Content starts
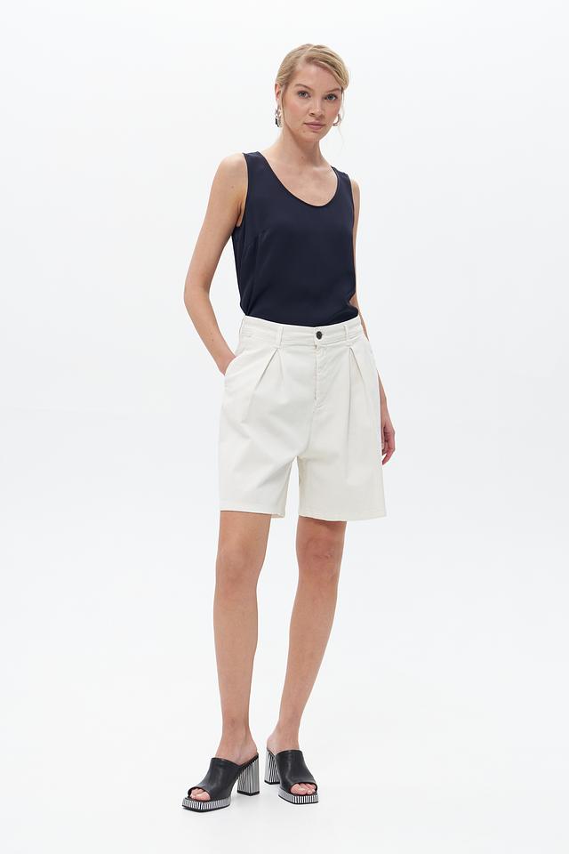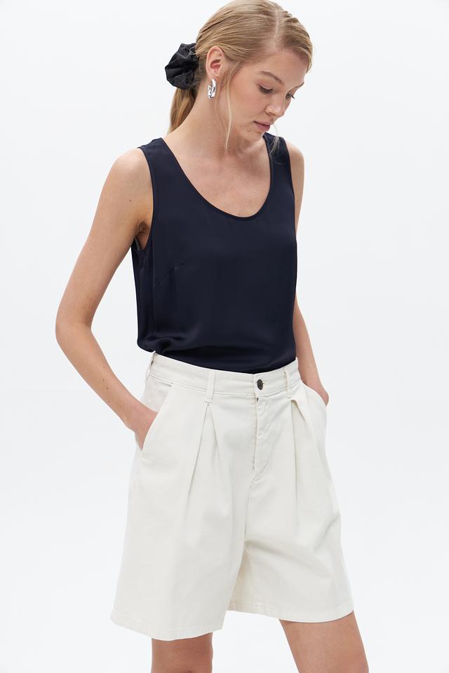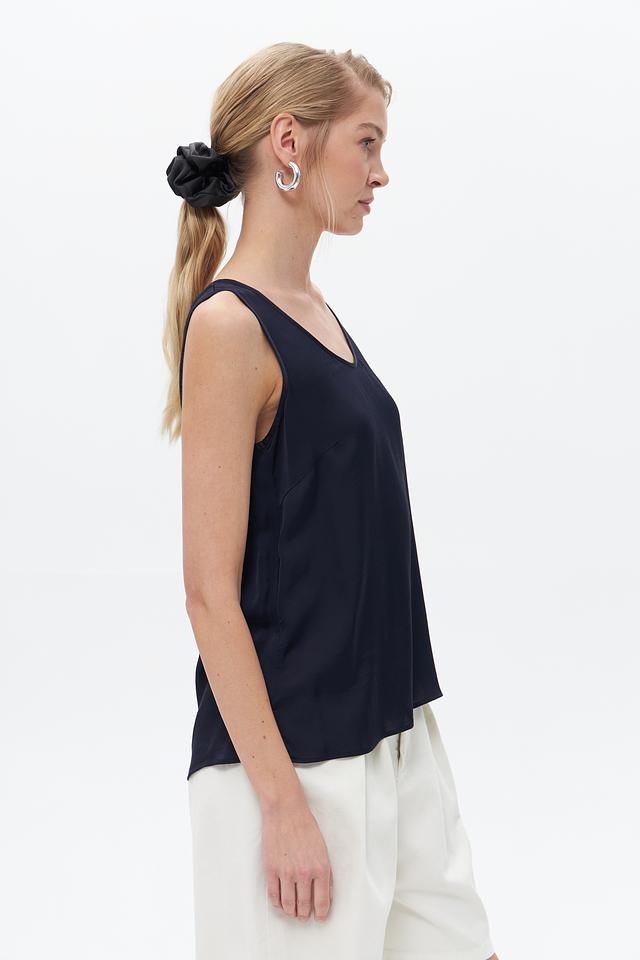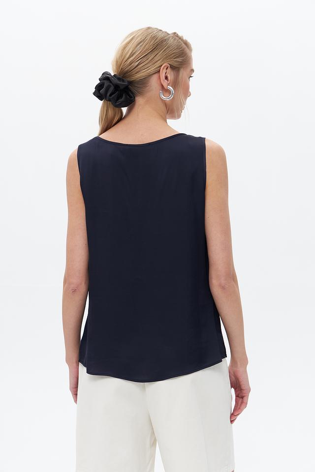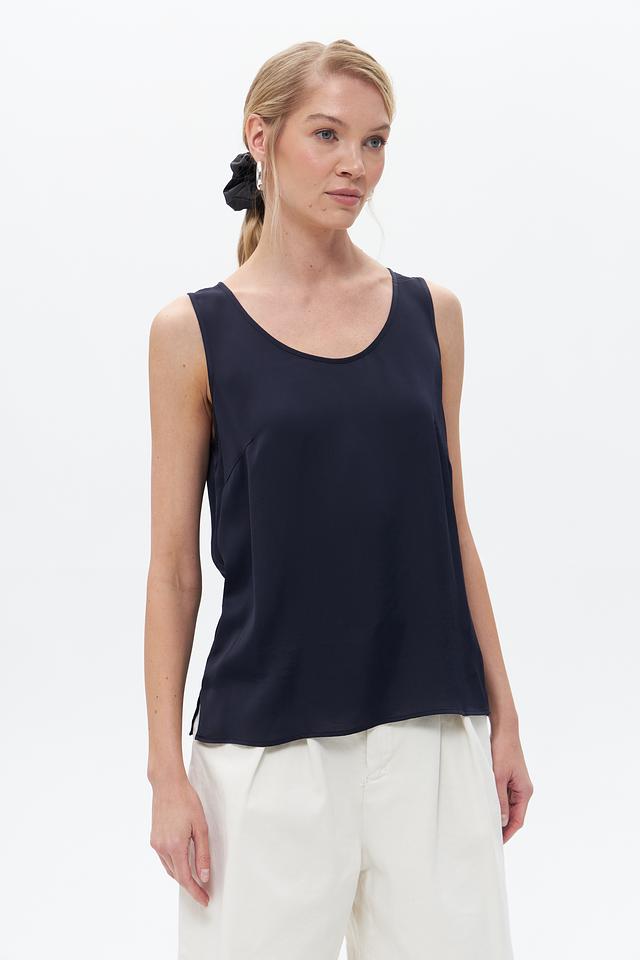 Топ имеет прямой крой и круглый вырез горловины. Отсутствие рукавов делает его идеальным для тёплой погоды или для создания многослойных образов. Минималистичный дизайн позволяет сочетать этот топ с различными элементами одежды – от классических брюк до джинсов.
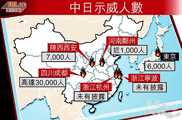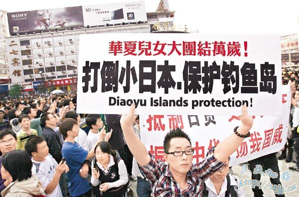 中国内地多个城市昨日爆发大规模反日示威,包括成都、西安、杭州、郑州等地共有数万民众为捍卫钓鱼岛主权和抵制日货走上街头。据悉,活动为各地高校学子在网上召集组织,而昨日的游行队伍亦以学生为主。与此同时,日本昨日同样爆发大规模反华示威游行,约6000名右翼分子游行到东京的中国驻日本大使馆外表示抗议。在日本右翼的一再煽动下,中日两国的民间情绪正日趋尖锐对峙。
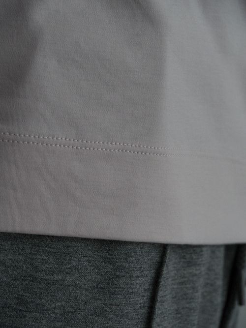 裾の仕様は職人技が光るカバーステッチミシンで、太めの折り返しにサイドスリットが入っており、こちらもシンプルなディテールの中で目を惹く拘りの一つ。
Content ends
**What is expected:**
Exactly the lines from the one with "中国内地多个城市昨日爆发大规" through the end of the listing above are to be repeated, with no pictures.

**Reply to the task:**
 中国内地多个城市昨日爆发大规模反日示威,包括成都、西安、杭州、郑州等地共有数万民众为捍卫钓鱼岛主权和抵制日货走上街头。据悉,活动为各地高校学子在网上召集组织,而昨日的游行队伍亦以学生为主。与此同时,日本昨日同样爆发大规模反华示威游行,约6000名右翼分子游行到东京的中国驻日本大使馆外表示抗议。在日本右翼的一再煽动下,中日两国的民间情绪正日趋尖锐对峙。
 裾の仕様は職人技が光るカバーステッチミシンで、太めの折り返しにサイドスリットが入っており、こちらもシンプルなディテールの中で目を惹く拘りの一つ。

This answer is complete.